Today we’re going our separate ways. Marco prefers cycling, and I’m more into hiking. Perfect to each follow our own plan for the day. I’m going to walk a long stretch of the Groot Frieslandpad. I head out early and take the train to Workum. To reach the route, I have to walk the same section from the town center to the station that we did yesterday, but in reverse. The station is about one kilometer outside the center. On the way, I buy two rolls at a bakery and some cold cuts at the butcher’s. My lunch for today is sorted again. From the Merk, the square next to the church, I pick up the route. Yesterday the terraces on the square were full, but now it’s quiet. Some terraces are just being set up again. Right at the start of today’s stage, I pass the Jopie Huisman Museum, which displays the artist’s paintings. I walk past the museum and turn right at St. Werenfridus Church. As I leave Workum, a passerby calls out to me that it’s a nice day for walking. Curious, he asks where I’m headed. I figure he’ll already think IJlst is far, so I don’t mention Sneek. My guess is correct. “Are you going over the Brekkenpaad?” he asks. “You definitely should!” The Brekkenpaad means nothing to me, just like the Frieslandpad means nothing to him. When I show my route on the map, he is reassured that I’ll be walking on the path he meant.

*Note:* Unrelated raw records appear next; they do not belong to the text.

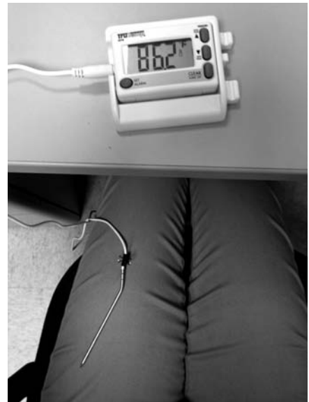
Figure 1. Example thermometer set up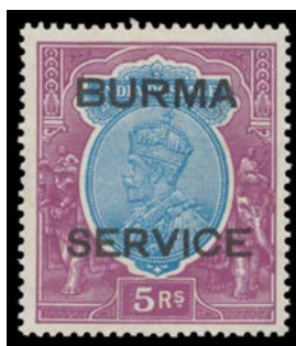
Ex Lot 856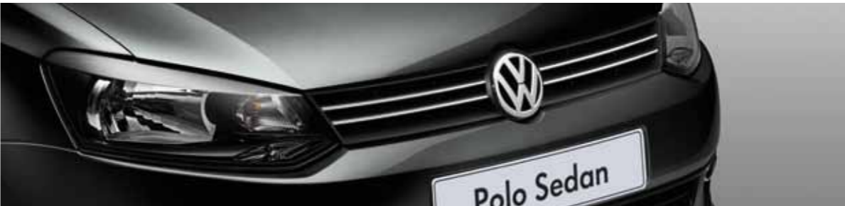
Deep Black Pearl Effect 2T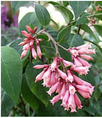
Cestrum elegans var. smithii

Cestrum elegans var. smithii (Pink Cestrum) – This fast growing evergreen shrub grows in full sun or shade (zones 8-11) in well-drained soil. It gets to be 8-10' tall x 4-6' wide. The opposite mid-green leaves are ovate with entire margins. Masses of lovely pink tubular flowers start appearing on arching stems in spring and continue through summer.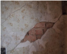
H1071 FORMER MURRAY HOTEL LHA 2015 5.JPG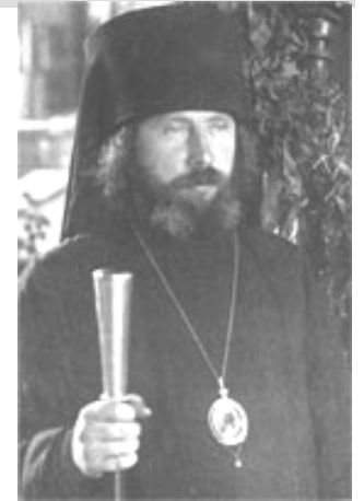
A photo of Saint Jonah

Have you ever felt sorry for yourself? Maybe you had a bad day. Maybe you have problems at home or at school. Maybe you felt sorry for other reasons, too.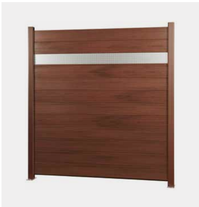
Posts in Brown, Area set in Chestnut Brown, Additional accessories: Window module in stainless steel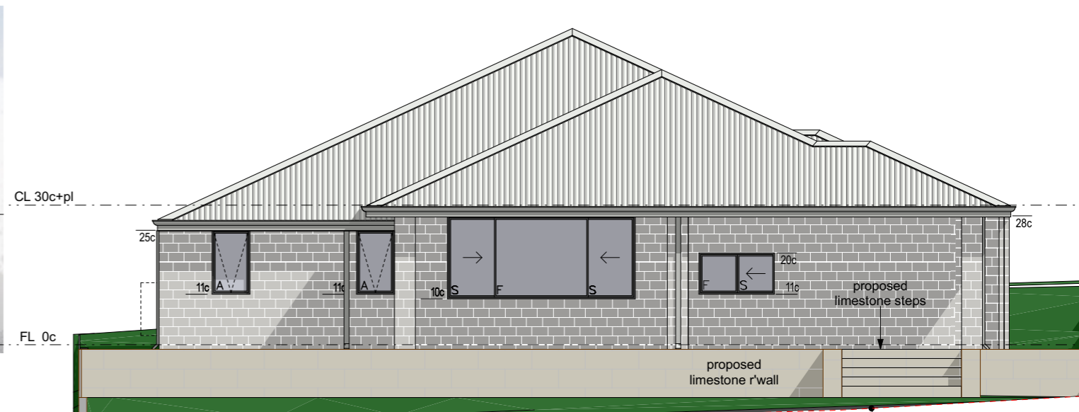
E3 Rear Elevation 1:100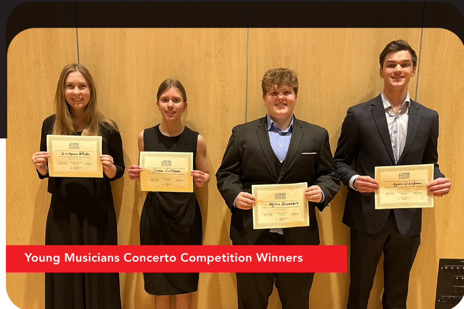
Young Musicians Concerto Competition Winners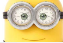
My Last Breath before turning 22, 2011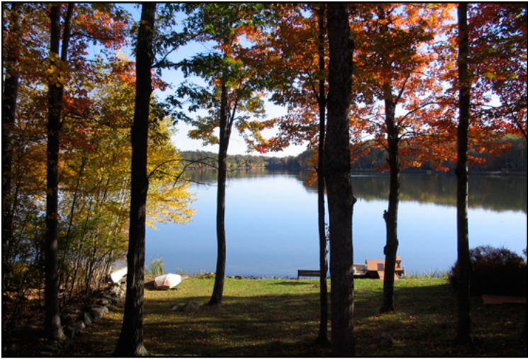
A Pocono Mountain lake in October.

Sources: www.800poconos.com www.etymonline.com "Passion in the Poconos," by Susan Spano. Smithsonian Magazine , June 1, 2012. Smithsonianmag.com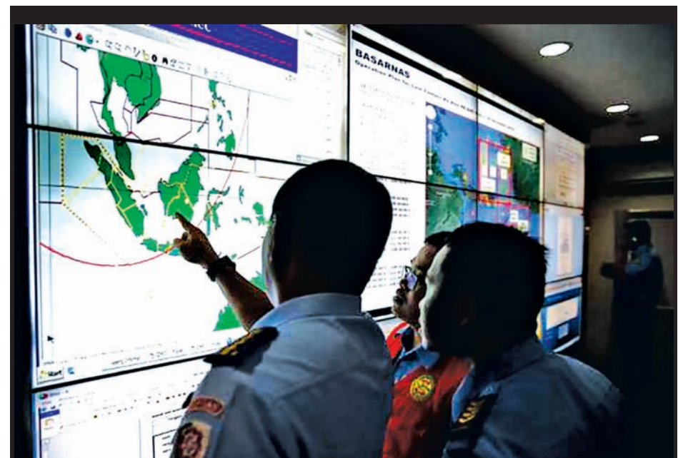
Military and rescue authorities monitor progress in the search for AirAsia Flight QZ8501 in the Mission Control Centre inside the National Search and Rescue Agency in Jakarta on 29 Dec, 2014.

By nationality, 149 of the passengers are Indonesian, with the six others being a Singaporean, a Malaysian, a Briton and

Netherlands - The road towards the church village of Westhem

An hour later, I arrive in Nijhuizem. Here begins a four-kilometer-long bike path winding through the Fleuzen nature reserve—the Brekkenpaad. On the left is the water of the Aldegeaster Brekken, on the right soggy reed fields. An ideal spot for birds. I hear them singing all around me. I have to agree with the man from this morning—it’s beautiful here. At the end of the path, I pass under the railway again. I walk via the hamlet of Greonterp to Blauwhuis. I’ve covered thirteen kilometers and decide it’s time for coffee. The terrace is just opening. I strike up a conversation with two cyclists heading toward Stavoren. I advise them to be sure to check out the upside-down house in Hindeloopen. At Westhem, the route follows a kerkpad—a narrow church path straight through the meadows. I try to imagine how people in their Sunday best would have walked this path to church. The path is muddy and slippery. A little further along, part of it is even underwater. I detour through the meadow, which is also soggy. I sink a few centimeters into the water, but luckily my hiking boots are waterproof enough to keep it out. The path leads to the church of Abbega. At Pikesyl, a second church path begins. The start isn’t inviting—a narrow strip between a ditch and a fence, with a warning for electric fencing. The narrow path is completely overgrown with tall grasses, and I can barely see where to put my feet. Carefully, I continue, hoping not to slip into the water. After two hundred meters, it gets better. I cross a small bridge and walk straight through the meadow, from red marker to red marker, toward Oosthem.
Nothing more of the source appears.